In summary, classification criteria are useful for research purposes, but clinical practice should go further. Different clinical and immunological profiles have clear prognostic significance and are an extremely important tool for guiding clinical decisions. Moreover, frequent clinical manifestations of APS are not included in the criteria, and great variability still exists among the different tests used to detect antiphospholipid antibodies. Therefore, it is important to highlight that, in many clinical scenarios, strict criteria may prove difficult to apply, which results in the need for a careful balance between classification criteria and clinical sense.

Clinical management

Early recognition and diagnosis of APS helps prevent thrombosis and obstetric morbidity. All women with systemic lupus erythematosus, and maybe with any systemic autoimmune disease, who want to become pregnant, should be tested for antiphospholipid antibodies. Women who have suffered intrauterine growth restriction, stillbirth, severe pre-eclampsia (particularly before 34 weeks of gestational age), eclampsia, or HELLP syndrome, and in all cases with additional clinical features of APS, should be tested too. On the other hand, it is not advised to test women who have had only one miscarriage ( Table 2 ). Treatments for thrombotic and obstetric manifestations of APS are discussed below.

Treatment of thrombosis in antiphospholipid syndrome

The treatment of thrombotic manifestations of APS has been widely updated, and it is not the purpose of this review. It is important to highlight that women with antiphospholipid antibodies, especially those with lupus or with a high-risk antibodies profile, are candidates for long-term primary thromboprophylaxis with low-dose aspirin.
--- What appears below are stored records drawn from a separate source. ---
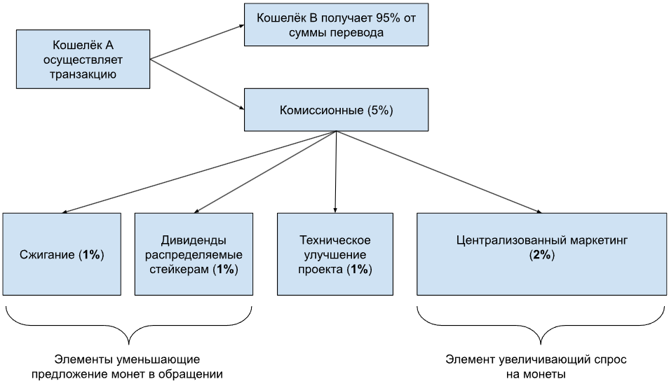 Перед распределением бюджета, выделенного на комиссии (5% от транзакции), из этой суммы сначала взимается необходимая доля для технической поддержки сети. Оставшаяся сумма распределяется поровну между 5 элементами описанными выше.
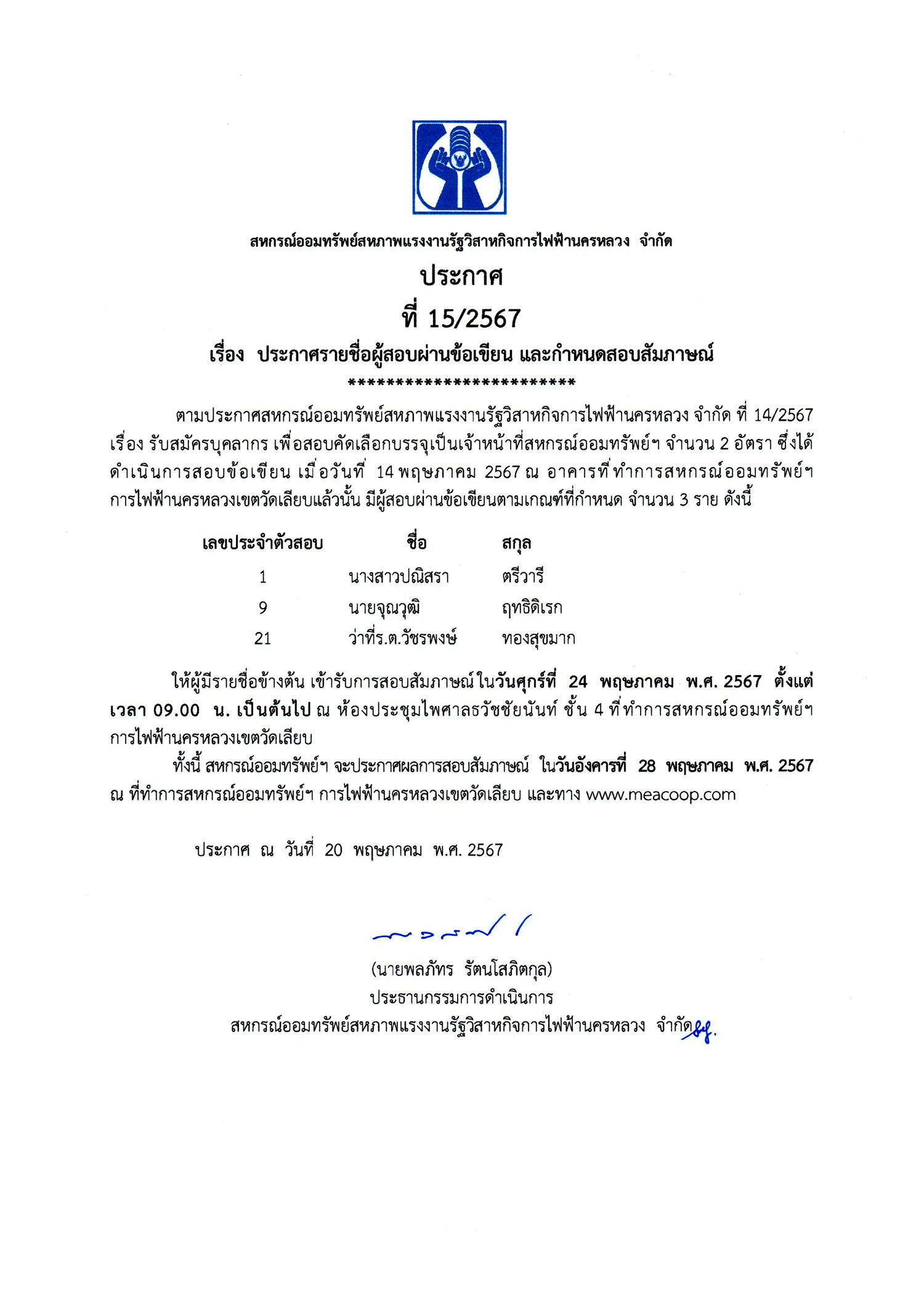 • ประกาศที่ 15/2567 เรื่อง ประกาศรายชื่อผู้สอบผ่านข้อเขียน และกำหนดสอบสัมภาษณ์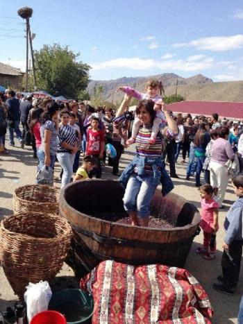 На винный фестиваль Арени съезжаются гости из разных стран. Местные мастера знакомят гостей с искусством плетения корзин, выпечки лаваша, правильного приготовления настоящего шашлыка, а армянские девушки отжимали виноград для вина. Праздник сопровождается национальными танцами и песнями, дегустацией сыра и вина. В этом году фестиваль проходил с 4 по 6 октября.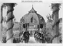 The Kalākaua group arrived in London the evening of July 6. The king spent the next day receiving visitors in his suite at Claridge's, later accepting Queen Victoria's offer of the royal box at the Royal Opera House, Covent Garden. While in England, he attended an Eton v Harrow cricket match, and returned to the Royal Opera House to hear opera singer Adelina Patti.[59] The Queen's annual Windsor Great Park review of 50,000 military volunteers drew many high-ranking and titled spectators, including Kalākaua.[69] Following the review, he was entertained by Civil Lord of the Admiralty Thomas Brassey and his wife at their encampment.[70] He attended worship services at Westminster Abbey on Sunday, prior to his afternoon sailing trip with Lord Charles Beresford and guests.[59]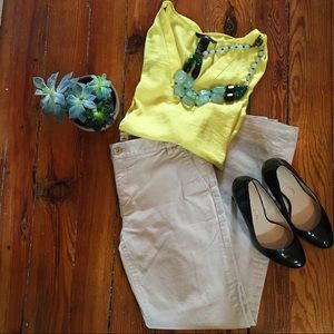 The most comfortable, flattering khakis! And they are Banana Republic so you know they are great quality. These are definitely the pants that you can wear time and time again. They stretch! Ready for your next business meeting or work trip.

In women with APS and thrombosis, the current standard of care is long-term secondary prophylaxis with oral warfarin, maintaining the international normalised ratio (INR) between 2.0 and 3.0 for the first venous thromboembolic event. Recommendations for the treatment of arterial events are not as standardised, and either maintaining INR over 3.0 or between 2.0 and 3.0 combined with antiaggregant therapy could be possible options. Increasing the intensity of INR is also recommended for women with recurrent venous events. Hydroxychloroquine can also play a role in preventing thrombosis. This has been seen in women with lupus ; however, given the excellent safety profile, its use could also be extended to women with primary APS.